■ INFORMATION SUPPLIED ■

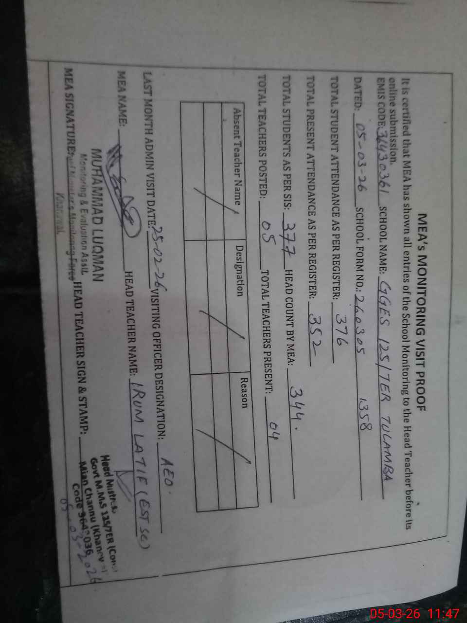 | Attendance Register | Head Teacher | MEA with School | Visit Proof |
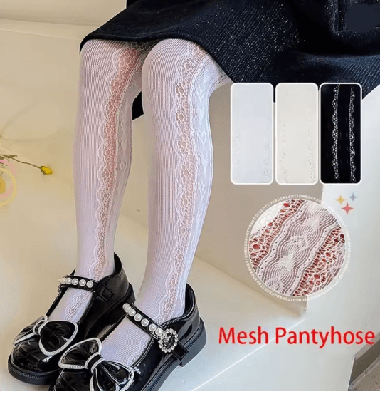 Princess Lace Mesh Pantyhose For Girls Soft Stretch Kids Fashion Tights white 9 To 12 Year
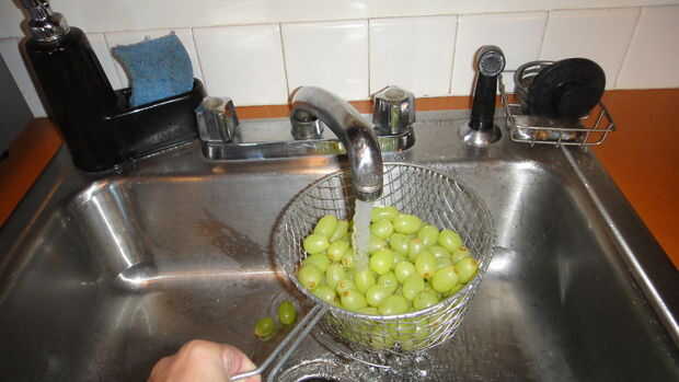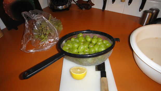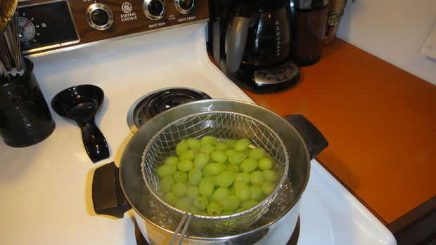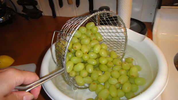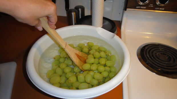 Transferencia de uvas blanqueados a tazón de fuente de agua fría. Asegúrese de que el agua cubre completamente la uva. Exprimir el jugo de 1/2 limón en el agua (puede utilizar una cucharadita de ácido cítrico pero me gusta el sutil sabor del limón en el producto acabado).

■ ASSIGNED TASK ■
Reproduce precisely the lines of the listing above, from the line containing "Princess Lace Mesh" to the last line, both ends included. Pictures are to be omitted.

■ WRITTEN REPLY ■
 Princess Lace Mesh Pantyhose For Girls Soft Stretch Kids Fashion Tights white 9 To 12 Year
 Transferencia de uvas blanqueados a tazón de fuente de agua fría. Asegúrese de que el agua cubre completamente la uva. Exprimir el jugo de 1/2 limón en el agua (puede utilizar una cucharadita de ácido cítrico pero me gusta el sutil sabor del limón en el producto acabado).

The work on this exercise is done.